BRIEF DESCRIPTION OF THE DRAWINGS
[0015] FIG. 1 is a conceptual diagram showing the basic NAT
technology.
[0016] FIG. 2 is a diagram showing a constitution of an IP
header.
[0017] FIG. 3 is a diagram showing a constitution of a TCP
header.
[0018] FIG. 4 is a diagram showing a network constitution that a
transparent gateway according to the present invention is
applied.
[0019] FIG. 5 is a conceptual diagram showing a varied NAT
technology.
[0020] FIG. 6 is a flow chart of an example of TCP session
connection process to a general gateway in accordance with the
present invention.
[0021] FIG. 7 is a flow chart of an example of TCP session
connection process of a gateway as set by a transparent proxy in
accordance with the present invention.
[0022] FIG. 8 is a flow chart of a varied NAT method in accordance
with the present invention.
PREFERRED EMBODIMENTS OF THE INVENTION
[0023] The preferred embodiments of the present invention are
described below in detail with reference to drawings. FIG. 2 is a
diagram showing a constitution of an IP header; FIG. 3 is a diagram
showing a constitution of a TCP header; and FIG. 4 is a diagram
showing a network constitution that a transparent gateway according
to the present invention is applied.
[0024] In FIG. 4, a client 10 can directly communicate with a
server 70. However, generally a gateway is installed between
networks for security or other purposes. A typical example of such
gateway is an intrusion cut off system. Various other gateways such
as web proxy, SMTP gateway, FTP gateway, Telnet gateway, and etc.
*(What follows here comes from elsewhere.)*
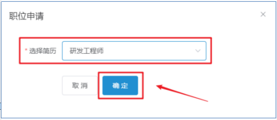 点击【立即投递】按钮后,会弹出选择简历弹窗,选择简历后,点击【确定】按钮,即可投递简历成功。
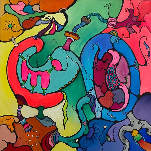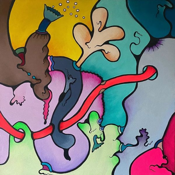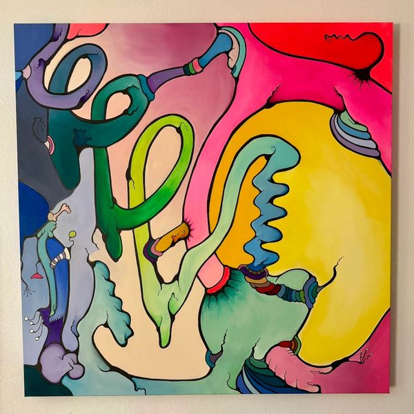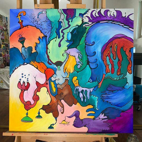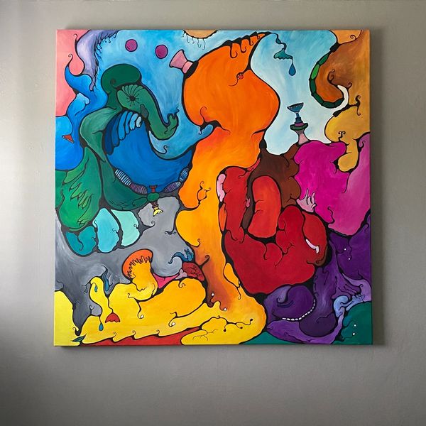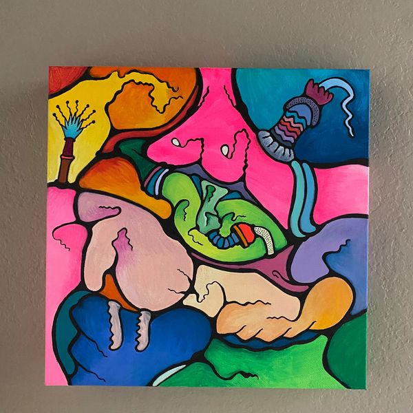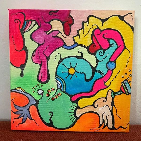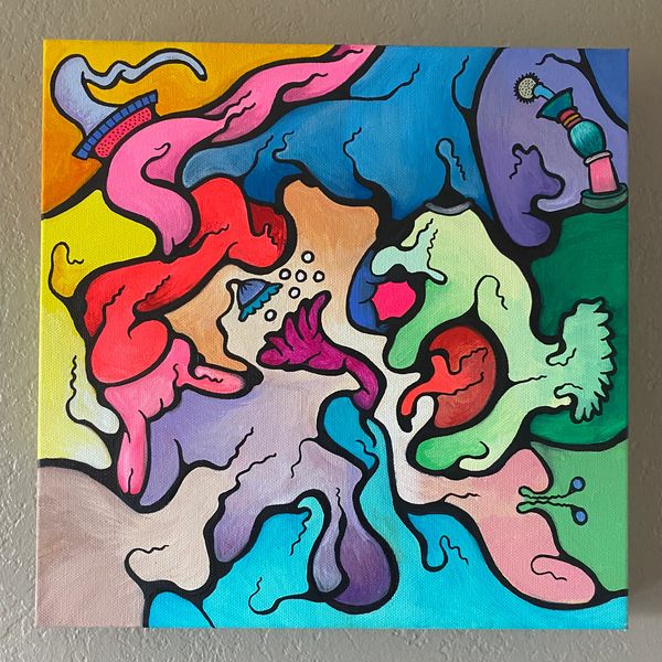 I also take commissions! Pictured here is a personalized painting for my friend Tyler who commissioned a piece with specific thoughts and objects in mind.

can be also considered. When a gateway is installed on a traffic
path of a network, the clients commonly have to access the gateway
by changing the environment. Then, the gateway accesses to the
server again when the clients communicate with the server via an IP
data program. Accordingly, the IP header can be changed in the IP
data program of a network device 30 including a NAT. If an outgoing
packet is required to transmitted to a gateway, the destination IP
of the packet is changed so that a gateway receives the packet.
Then the packet is transmitted to gateway G1 40 or G2 50, and the
transmitted packet is read and processed by the gateway G1 40 or G2
50. After the processing is completed, the packet is transmitted
back to the network device 30, whereupon the network device 30
changes the source IP of the packet from the gateway IP to the
client IP, and then, transmits the same to the server 70.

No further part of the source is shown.